** Opening DATA PROVIDED block **

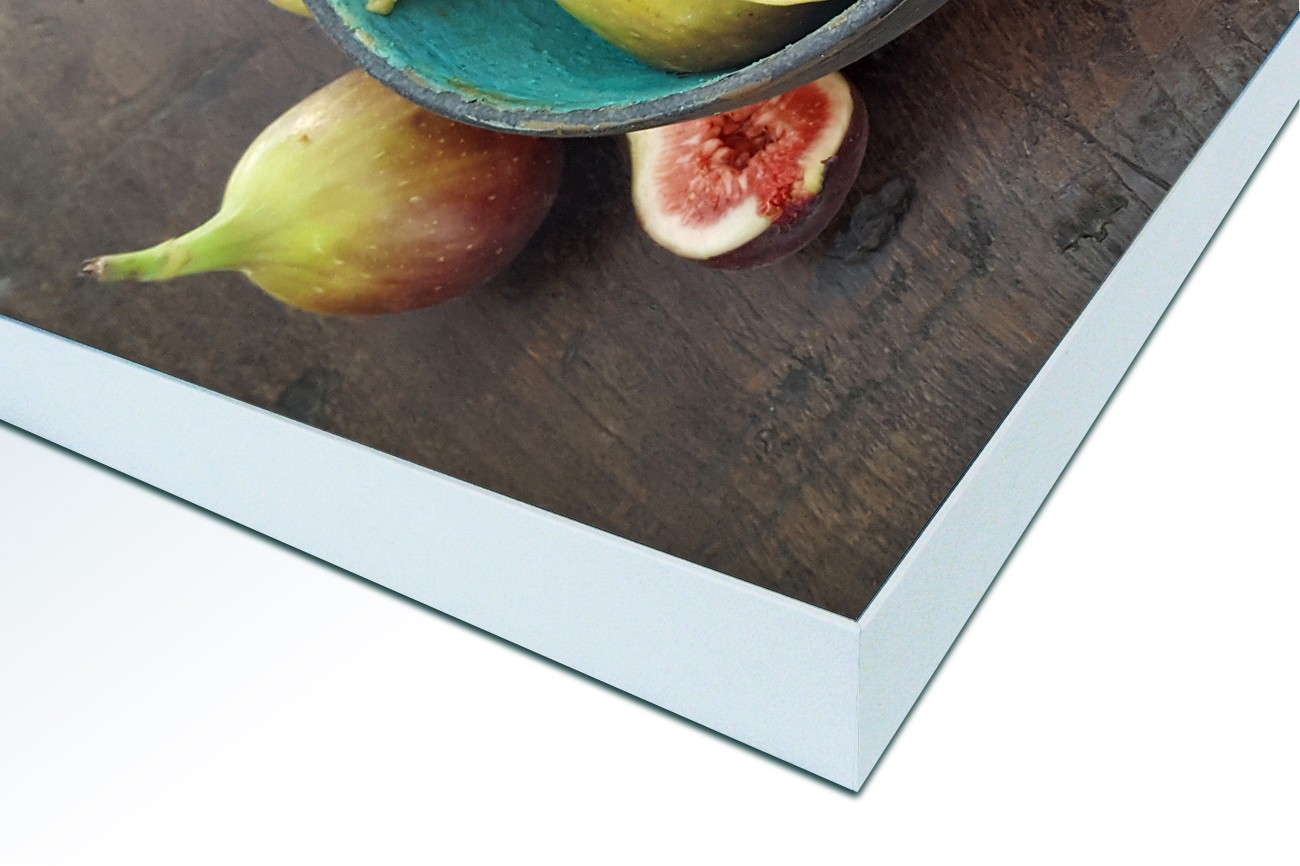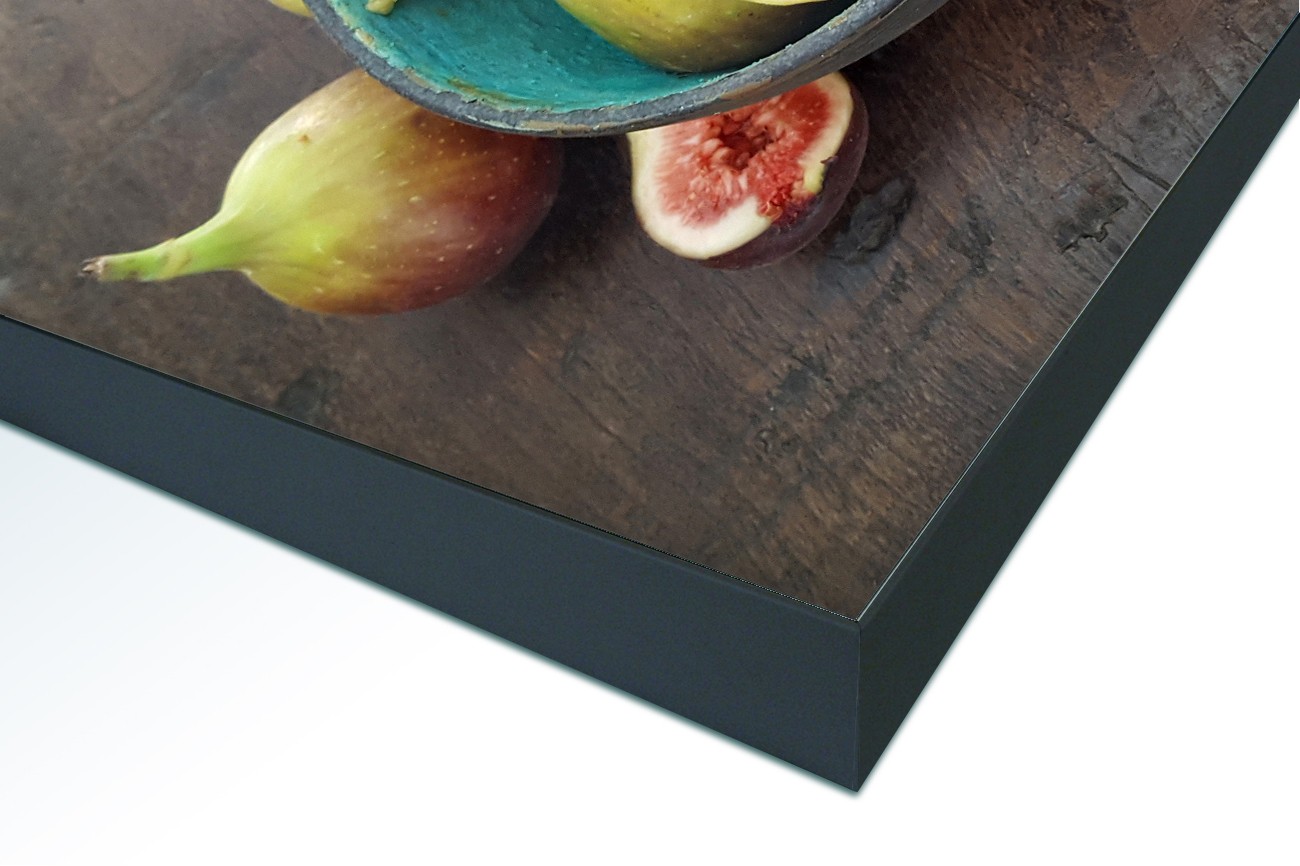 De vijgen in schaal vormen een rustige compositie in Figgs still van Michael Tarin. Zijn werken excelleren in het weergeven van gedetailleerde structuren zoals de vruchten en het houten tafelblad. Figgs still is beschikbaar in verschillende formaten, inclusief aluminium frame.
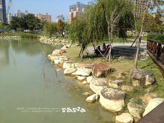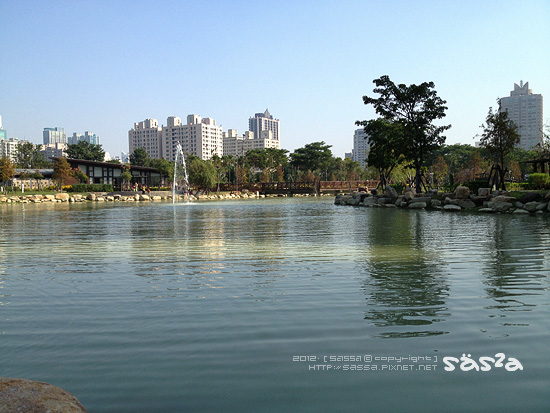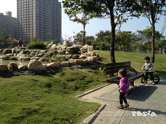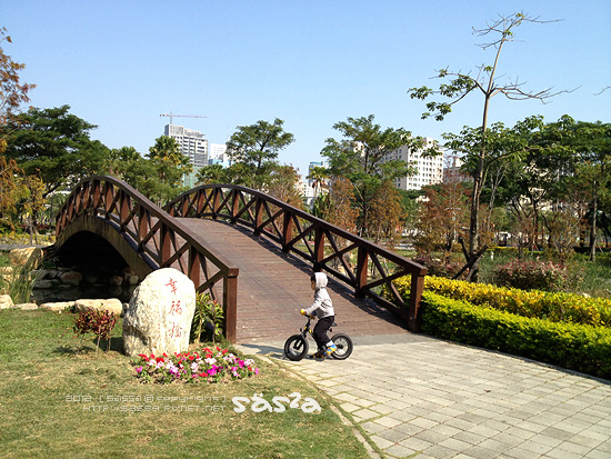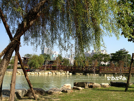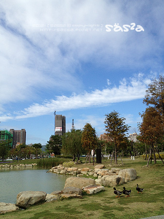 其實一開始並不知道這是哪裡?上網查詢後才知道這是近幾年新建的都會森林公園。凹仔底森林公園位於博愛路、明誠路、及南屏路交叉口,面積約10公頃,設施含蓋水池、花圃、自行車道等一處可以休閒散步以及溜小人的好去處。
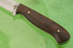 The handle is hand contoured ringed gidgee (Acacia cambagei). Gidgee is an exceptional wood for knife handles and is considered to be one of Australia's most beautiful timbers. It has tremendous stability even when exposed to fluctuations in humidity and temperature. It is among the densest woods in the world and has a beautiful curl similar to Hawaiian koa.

** Closing DATA PROVIDED block **

Without including any picture, set down every line above exactly as it stands.

 De vijgen in schaal vormen een rustige compositie in Figgs still van Michael Tarin. Zijn werken excelleren in het weergeven van gedetailleerde structuren zoals de vruchten en het houten tafelblad. Figgs still is beschikbaar in verschillende formaten, inclusief aluminium frame.
 其實一開始並不知道這是哪裡?上網查詢後才知道這是近幾年新建的都會森林公園。凹仔底森林公園位於博愛路、明誠路、及南屏路交叉口,面積約10公頃,設施含蓋水池、花圃、自行車道等一處可以休閒散步以及溜小人的好去處。
 The handle is hand contoured ringed gidgee (Acacia cambagei). Gidgee is an exceptional wood for knife handles and is considered to be one of Australia's most beautiful timbers. It has tremendous stability even when exposed to fluctuations in humidity and temperature. It is among the densest woods in the world and has a beautiful curl similar to Hawaiian koa.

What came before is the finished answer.